And it is switched on? The blue wireless LED is on?


----------



## george8 (Jun 24, 2007)

You know, I've read about these so-called switches, and I'm afraid to say I don't know what they are. I've never seen one with my wireless card or on the computer (even though it says to make sure it's on). And I never flipped the switch to get it to work before.

The card itself has two yellowish LEDs Status and Activity that blink as usual.


----------



## TerryNet (Mar 23, 2005)

I shouldn't assume because ... well you know. But I did assume that you had an integrated card. FYI a Dell with integrated wireless can toggle the radio on and off with the Fn + F2 key combination.

Just for the record what is the brand and model of your card?

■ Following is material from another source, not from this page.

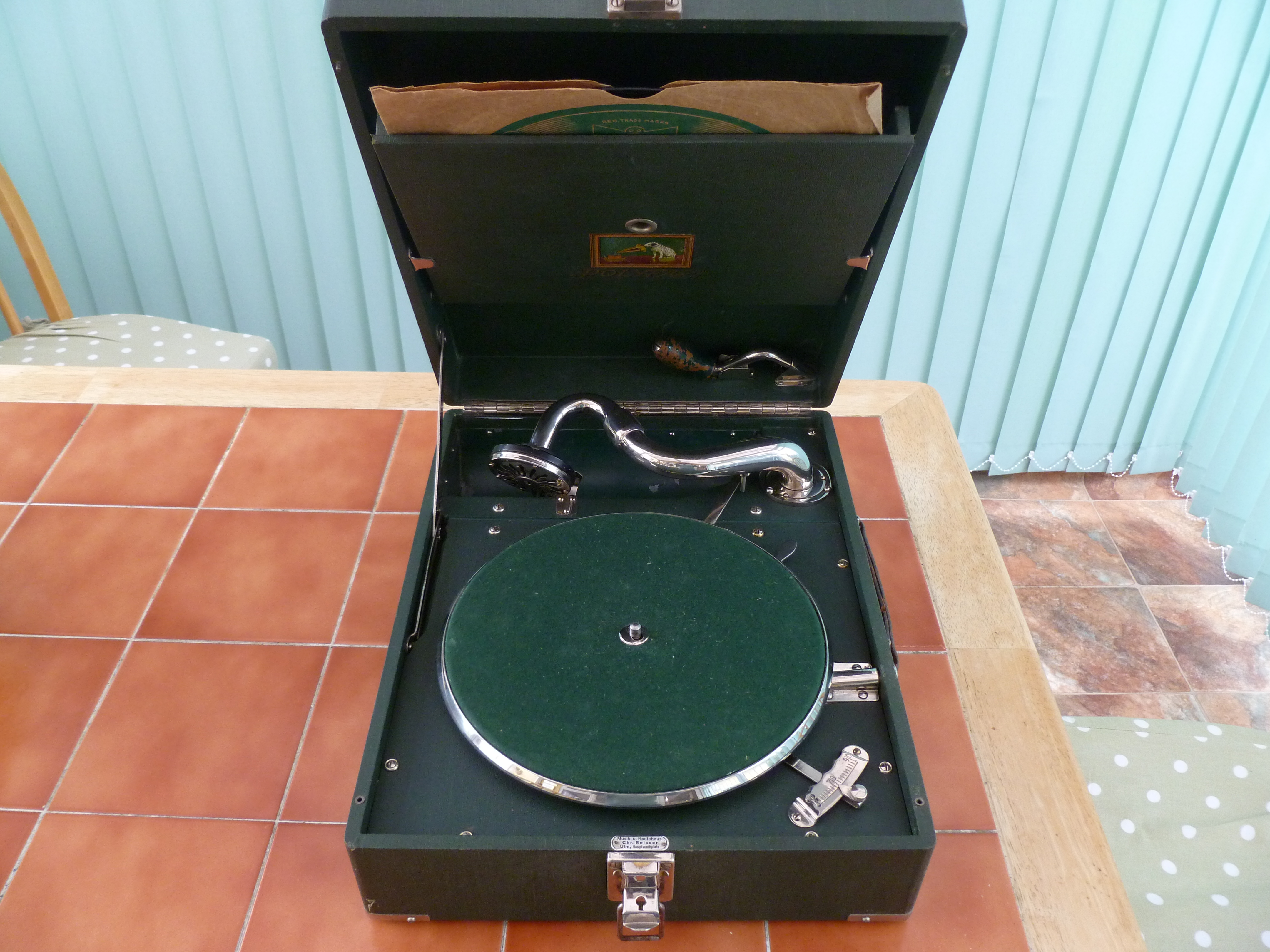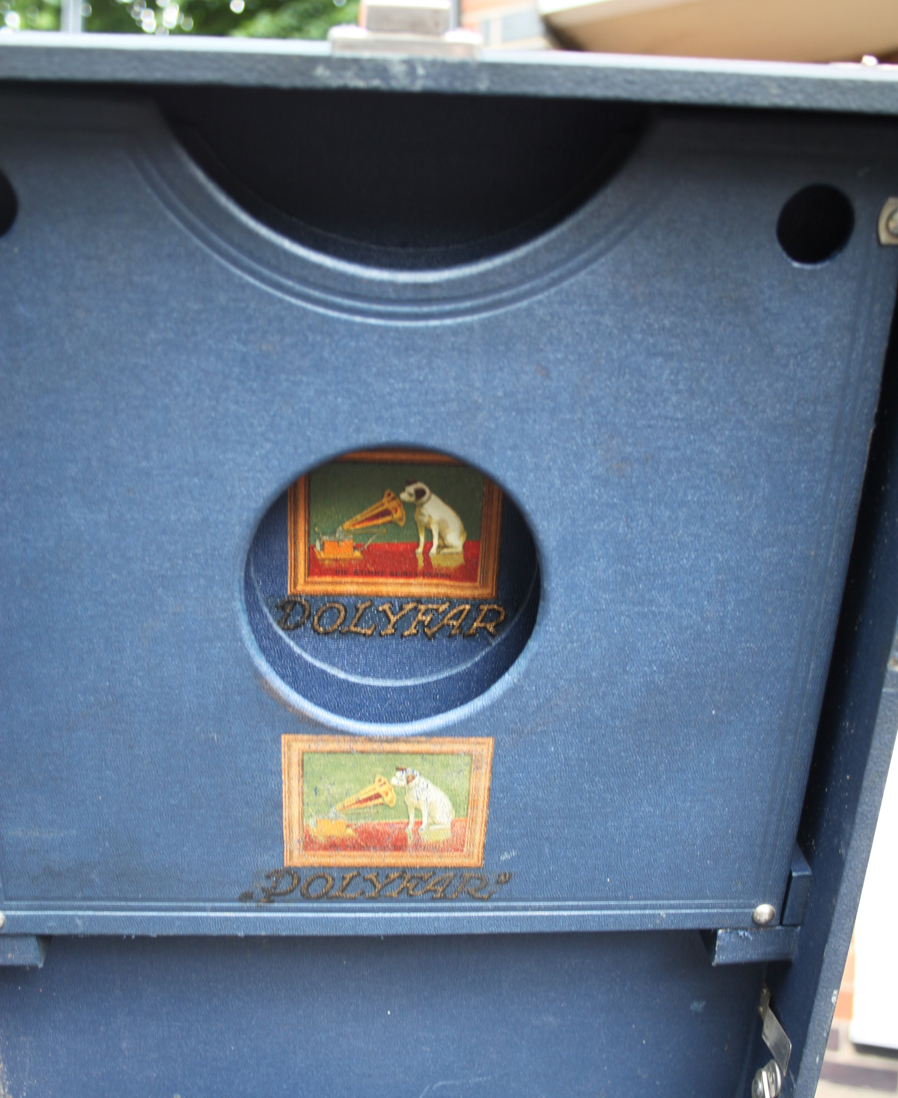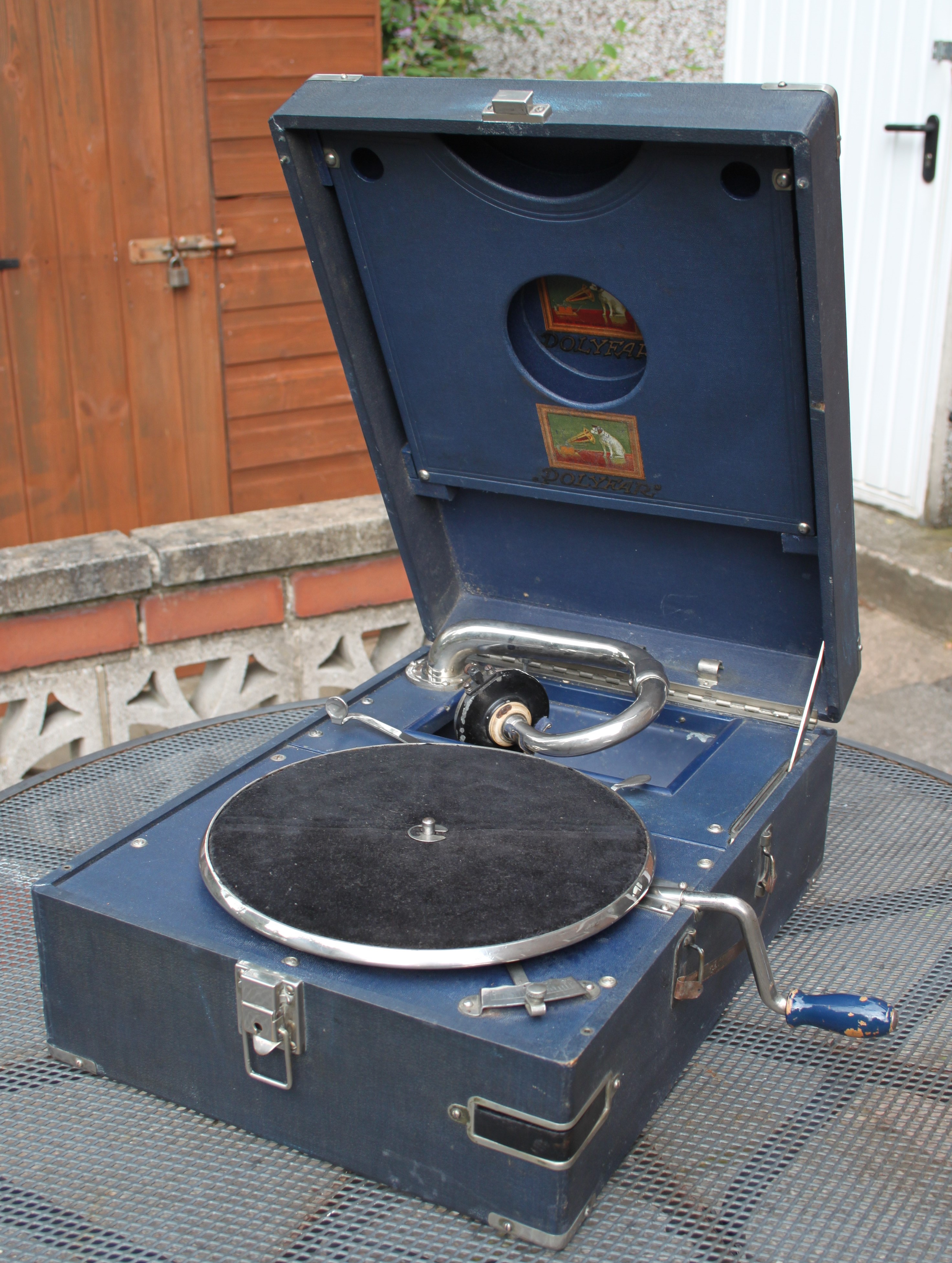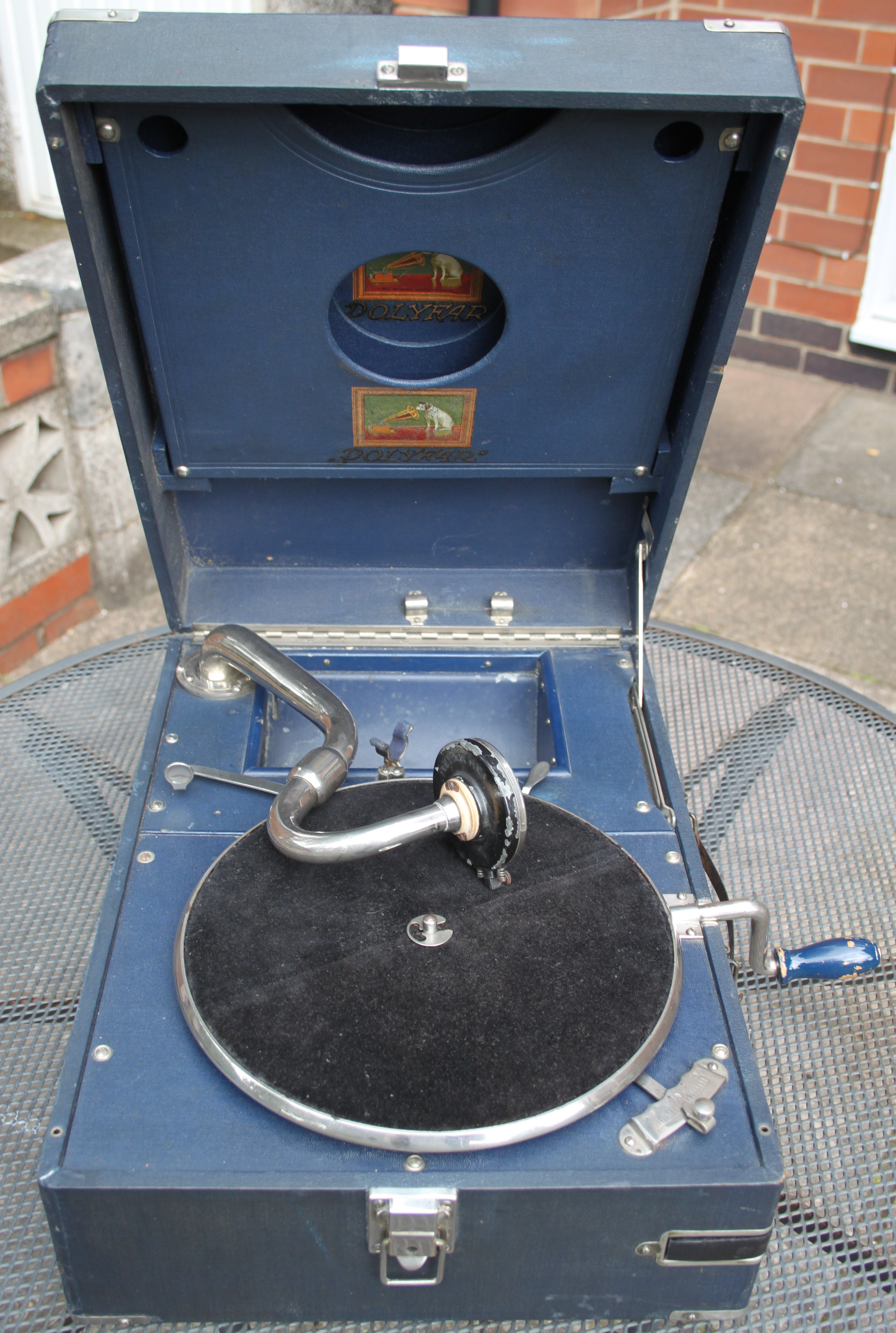Living in the UK, we don't tend to see many of the French or German versions of HMV portables but I have recently acquired this blue German Polyfar. I had always assumed they were basically HMV machines but with a different label but I now find it is the other way round ! There is not one feature of this portable which it shares in common with an HMV portable. The case is a different size, the tone arm comes form the left of the horn, the soundbox is different, the motor is different, there is a removable record storage device in the lid, the handle is different, the corners are different etc etc. It is in effect, a Polydor portable with an HMV badge. Why did HMV put their name to another manufacturer's machine in this way ? Were they not allowed to sell HMV machines in Germany ? Did they own Polydor or was it some sort of licensing deal ? I would be interested to learn the story behind these machines .... Any idea of the date of this one ?

Double check that you have no problems showing in Device Manager. And that you see the card there. Network Connections shows the wireless and it is enabled. (You've done this already but I like to double check.)

What wireless utility do you use (the adapter's or XP's WZC) and are you sure that the other one is not running? If you can answer the last question 'yes' then try the other utility.

If you still see no networks, that you know are there, try NetStumbler (which comes with its own drivers) to see if it can find anything: www.netstumbler.com

If you still see nothing I think it's time to go shopping.

Goodnight; be back tomorrow.


----------



## george8 (Jun 24, 2007)

Did you say shopping? Now I can definitely put a SOLVED on this thread.

My card is Dell True Mobile 1150 series.

It shows in Device Manager. Network Connections shows the wireless and it is enabled.

I use the XP wireless utility, but I've tried the cards utility too and no networks detected.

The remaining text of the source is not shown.